Install `pysuricata` directly from PyPI:

```bash
pip install pysuricata
```

## Why use pysuricata?
- **Instant reports**: Generate clean, self-contained HTML reports directly from pandas DataFrames.
- **Out-of-core option (v2)**: Consume in-memory DataFrame chunks and profile datasets larger than RAM.
- **No heavy deps**: Minimal runtime dependencies (pandas/pyarrow optional depending on source).
- **Rich insights**: Summaries for numeric, categorical, datetime columns, missing values, duplicates, correlations, and sample rows.
- **Portable**: Reports are standalone HTML (with inline CSS/JS/images) that can be easily shared.
- **Customizable**: Title, sample display, and output path can be tailored to your needs.

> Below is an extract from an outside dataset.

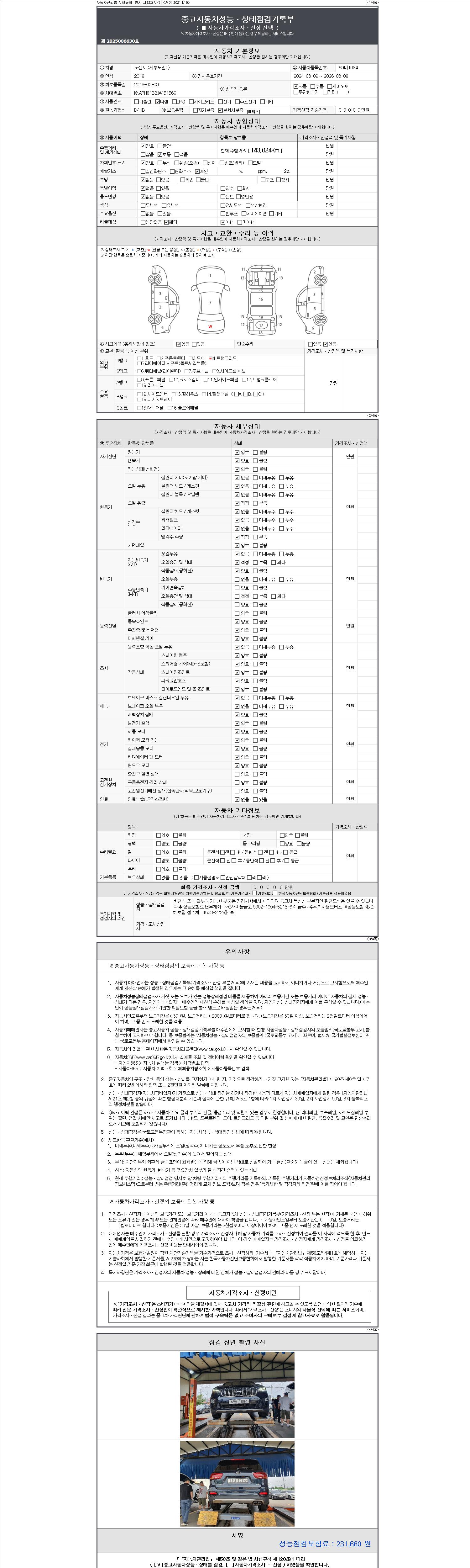 | 주행거리 | 143,010 km | 차량번호 | 69너1084 | 사고유무 | 성능기록부 참조 | 제시번호 | 제 2147483647 호 |

## Quick Example (classic, in-memory DataFrame)

The following example demonstrates how to generate an EDA report using the Iris dataset with Pandas:

```python
import pandas as pd
from pysuricata import profile

# Load the Iris dataset directly using Pandas
iris_url = "https://raw.githubusercontent.com/mwaskom/seaborn-data/master/iris.csv"
iris_df = pd.read_csv(iris_url)

# Build the report and save to a file
rep = profile(iris_df)
rep.save_html("iris_report.html")
```

## Streaming report (low memory)

For large datasets, stream in-memory DataFrame chunks you control.

```python
from pysuricata import profile, ReportConfig
import pandas as pd

def chunk_iter():
    for i in range(10):
        yield pd.read_csv(f"part-{i}.csv")  # You manage chunking externally

rep = profile((ch for ch in chunk_iter()), config=ReportConfig())
rep.save_html("report.html")

# Optional: stats-only
from pysuricata import summarize
stats = summarize(iris_df)
```

Highlights:

- Streams data in chunks, low peak memory.
- Shows processed bytes (≈) and precise generation time (e.g., 0.02s).
- Approximate distinct (KMV), heavy hitters (Misra–Gries), quantiles/histograms via reservoir sampling.
- Numeric extras: 95% CI for mean, coefficient of variation, heaping %, granularity hints, bimodality.
- Categorical extras: case/trim variants, empty strings, length stats.
- Datetime details: per-hour, day-of-week, and month breakdown tables + timeline chart.
- Correlation chips (streaming) for numeric columns.
- Hardened HTML escaping for column names and labels.